3 dicembre 2019

The irishman (Martin Scorsese, 2019)

The Irishman (id.)
di Martin Scorsese – USA 2019
con Robert De Niro, Al Pacino, Joe Pesci
***

Visto in TV (Netflix).

La (vera) storia di Frank Sheeran (Robert De Niro), gangster di origini irlandesi che dopo la seconda guerra mondiale divenne un sicario per la mafia italo-americana. Ispirato alle memorie dello stesso Sheeran (raccolte in un libro di Charles Brandt, "I heard you paint houses": la frase "imbiancare case" in gergo significa eliminare qualcuno per conto della malavita), il film – attraverso una serie di flashback concatenati – mostra Frank, autotrasportatore di Filadelfia, fare la conoscenza del boss Russell Bufalino (Joe Pesci) e diventarne un protetto, e poi il suo lavoro come guardia del corpo del potente e controverso sindacalista Jimmy Hoffa (Al Pacino), con cui stringerà una forte amicizia, facendo anche da tramite fra lui e la mafia. Ma quando Hoffa comincerà a essere troppo scomodo, sarà proprio Frank a doverlo uccidere. Prodotto da Netflix, con una distribuzione limitata in sala prima di essere reso disponibile in esclusiva sulla piattaforma televisiva on demand, il film è un lungo affresco – dura tre ore e mezza – che mescola finzione ed eventi reali, incrociando di sfuggita e a più riprese la storia americana degli anni '60 e '70 (l'incidente della Baia dei Porci, l'elezione e l'attentato di Kennedy, il Watergate). E proprio questo sguardo ad ampio raggio, con una vicenda che si estende su più decenni e che incrocia numerose figure vissute realmente, dona spessore ed epicità alla vita di un personaggio brutalmente impenetrabile, che procede a testa bassa e non mette mai in discussione il proprio stile di vita. Frank è talmente fedele ai suoi superiori da uccidere per loro conto persino i propri amici (d'altronde aveva imparato a eseguire ogni ordine, anche quelli di questo tipo, quando era nell'esercito) e da sacrificare il rapporto con la figlia maggiore. Mafioso fino al midollo, non parla mai in maniera diretta di sé o del proprio lavoro, ma sempre con allusioni, eufemismi, mezze frasi o discorsi obliqui, rendendo talvolta difficile empatizzare con lui. Più appariscente è invece l'istrionico Hoffa di Al Pacino, nevrotico, ostinato e a tratti davvero spassoso, che litiga con tutti e non si tira mai indietro. L'amicizia fra Frank e Jimmy, che lo fa anche entrare nel sindacato mettendolo a capo di una delle sue sezioni, è il vero cuore della pellicola. Ucciso Hoffa, a Frank non resta che tirare a campare, attendendo da solo e in silenzio la propria fine (e nel frattempo scegliendosi la cassa da morto).
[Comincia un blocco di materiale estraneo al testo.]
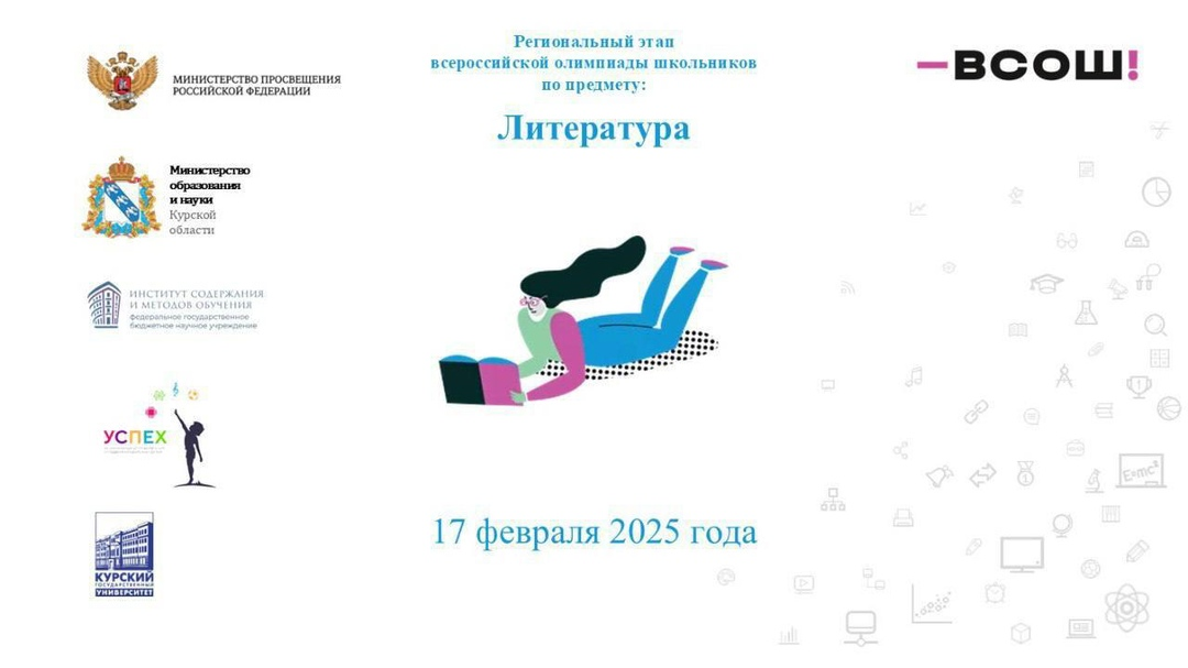 В региональном этапе Всероссийской олимпиады школьников по литературе приняло участие 181 обучающийся образовательных организаций Участникам предстояло выполнить письменные задания различного рода по тематике учебного предмета «Литература». 🏆Победителями регионального этапа стали Полина Харазова (лицей № 21 г. Курска, 9 класс), Александр Калуцкий (школа №6 города Курчатова, 10 класс), Ольга Лебедева (гимназия № 25 города Курска, 11 класс). Еще 60 школьников удостоены статуса призеров. 📎Рейтинги участников регионального этапа ВсОШ публикуются на сайте Министерства образования и науки Курской области по ссылке: https://minobrnauki46.ru/dopolnitelnaya-informacziya/olimpiady/vserossijskaya-olimpiada-shkolnikov/?clckid=dba9719c

Da notare, come detto, la struttura a doppio flashback: l'intera vicenda è narrata da Frank in una sorta di confessione finale (non si sa a chi: a un prete? agli agenti federali? o forse direttamente a noi spettatori?) quando, ormai anziano, si trova in un ospizio: ma gran parte di essa (quella che precede l'omicidio di Hoffa) è racchiusa all'interno di un altro flashback, mentre Frank e Russell sono in viaggio per recarsi al matrimonio di una nipote di quest'ultimo. L'aver dovuto mostrare eventi che si dipanano per più decenni ha costretto gli interpreti (in particolare De Niro e Pesci) a farsi ringiovanire o invecchiare in numerose scene grazie alla computer grafica (e proprio l'ingente costo di questi effetti speciali ha fatto sì che il progetto, inizialmente della Paramount, passasse a Netflix). Non sempre però il risultato è eccellente: il De Niro "giovane" sembra già pieno di rughe, mentre Pesci finisce col diventare davvero decrepito (in alcune scene ricorda Andreotti!). Nulla da dire invece sulla regia: in questo tipo di film Scorsese sembra trovarsi talmente a proprio agio da sfornare scene e inquadrature memorabili senza il minimo sforzo, come se dirigesse con il pilota automatico. E rivedere questo regista e questi attori (sia pure ormai invecchiati) all'opera su questi temi, in cui hanno già sguazzato molte volte in passato (basti pensare a "Quei bravi ragazzi", di cui il film è quasi una versione aggiornata, più realistica e meno glamour), è sempre un piacere. Tanto che la pellicola potrebbe essere considerata un degno canto del cigno per il grande cineasta (sarebbe stato un peccato se la sua carriera si fosse conclusa con il precedente, e poco riuscito, "Silence"). Da notare che è soltanto la terza volta che De Niro e Pacino recitano insieme, dopo "Heat" e "Sfida senza regole" (ne "Il padrino - Parte II", infatti, non condividevano mai lo schermo). L'agile sceneggiatura si concede piccoli vezzi, come le scritte in sovrimpressione che anticipano il destino dei personaggi di contorno, quasi tutte morti violente (e non prive di ironia, come quando di uno dei mafiosi, "benvoluto da tutti", si dice che morirà di vecchiaia nel proprio letto). Nel vasto cast si riconoscono Harvey Keitel (un altro habituè di Scorsese, di cui ha intepretato i primissimi film) e Anna Paquin (Peggy, la figlia di Frank). La colonna sonora è a base di canzoni d'epoca.